• _Exercise requirements_:
Keep the pictures out. Write out every line of the listing exactly.

• _Recorded information_:
--------------------------------
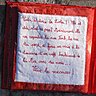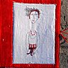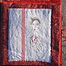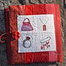 Un livre de 16 pages illustrées, couvertures comprises sur des pages en tissu rouge, les illustrations brodées en piqué libre appliquées sur fond de torchons anciens en toile de lin donnent un résultat très original.
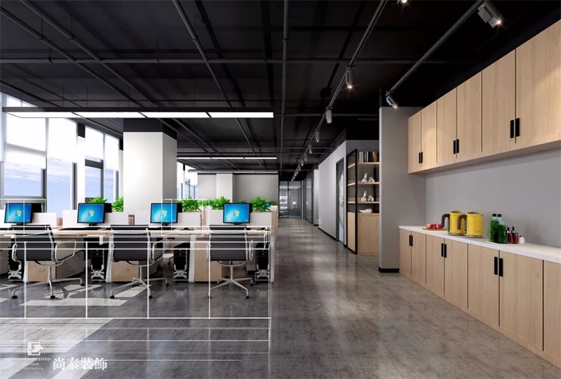 以工業(yè)風設計為理念,前臺采用簡單的白色大理石材料作為展示,背景是水泥墻加木紋鋁方通,凸顯工業(yè)風氣息。在進門接待處安排了鑲嵌頂部的鋼架結構書柜,讓設計不僅是裝飾,更具有實用性。整一個空間頂面噴黑處理, 提升整個空間的工業(yè)氣息。為此,尚泰設計師傾全力打造了一個符合該公司形象的辦公空間。
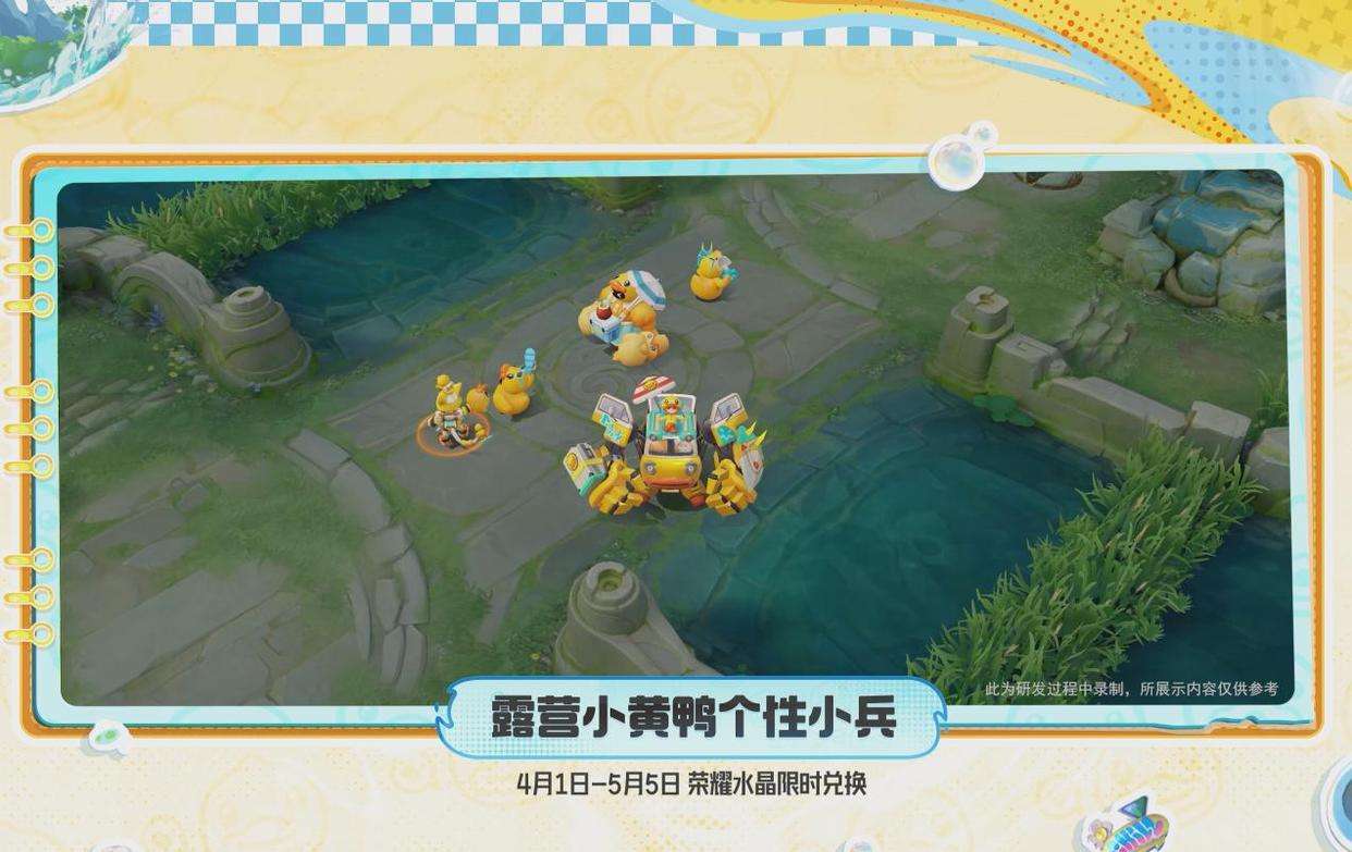 小兵的小黃鴨聯動皮膚將在4月1日上架,需要一顆榮耀水晶兌換。
--------------------------------
• _Output for this task_:
 Un livre de 16 pages illustrées, couvertures comprises sur des pages en tissu rouge, les illustrations brodées en piqué libre appliquées sur fond de torchons anciens en toile de lin donnent un résultat très original.
 以工業(yè)風設計為理念,前臺采用簡單的白色大理石材料作為展示,背景是水泥墻加木紋鋁方通,凸顯工業(yè)風氣息。在進門接待處安排了鑲嵌頂部的鋼架結構書柜,讓設計不僅是裝飾,更具有實用性。整一個空間頂面噴黑處理, 提升整個空間的工業(yè)氣息。為此,尚泰設計師傾全力打造了一個符合該公司形象的辦公空間。
 小兵的小黃鴨聯動皮膚將在4月1日上架,需要一顆榮耀水晶兌換。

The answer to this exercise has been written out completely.